While the unused advertisement advances of TV18 and NDTV are close to the value of their stakes, the number against BCCL is substantially lower. “This could be either because there was consideration other than the advertisments or the exchange has used up ad credits,” said a DSE broker.

An official from BCCL’s brand capital department, which handles such deals, directed calls to a colleague. Emails sent to both of them and Times Group CEO Ravi Dhariwal did not elicit any response. A senior TV18 official declined comment.
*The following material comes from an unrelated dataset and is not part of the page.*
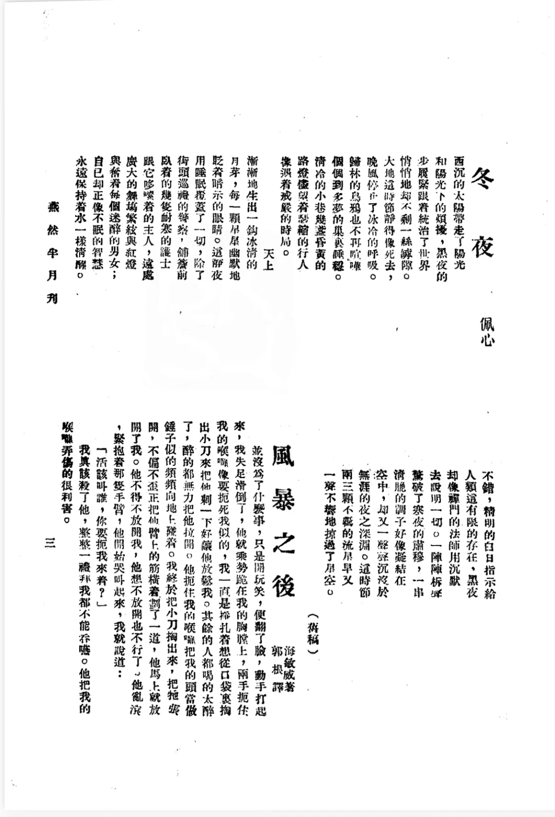 海敏(明)威:《風暴之后》,郭根譯,《燕然》1936年第4期

An email sent to the office of NDTV CFO Saurav Banerjee also went unanswered.

In a note to accounts for the year ended 2011-12, DSE said: “In the opinion of management, the above amounts have been paid for the overall business operations and promotion of the exchange. The management is making efforts and is hopeful of getting the extension of time for utilisation of the amount and, therefore, write-off is not considered necessary.”

It added a provision was being made and charged to the profit & loss account for these amounts as “a matter of prudence”.

P Bolusaria & Co Partner Amit Goel said in the auditor’s report, these contracts were prejudicial to the interests of the company. “These advances given are non-refundable and, of the total advances of Rs 11.37 crore given by the company in the earlier years, only Rs 1.30 crore have been utilised by the company towards advertisement services till the year ended March 31, 2012. In our opinion, aforesaid advances, being non-refundable, are prima facie prejudicial to the interest of company. This has resulted into provisioning and consequent loss of Rs 10.07 crore without availing of any services.”

The DSE shares, valued at Rs 70 each by Deloitte at the time of demutualisation, were trading at Rs 15 or less in the unlisted market, according to DSE brokers.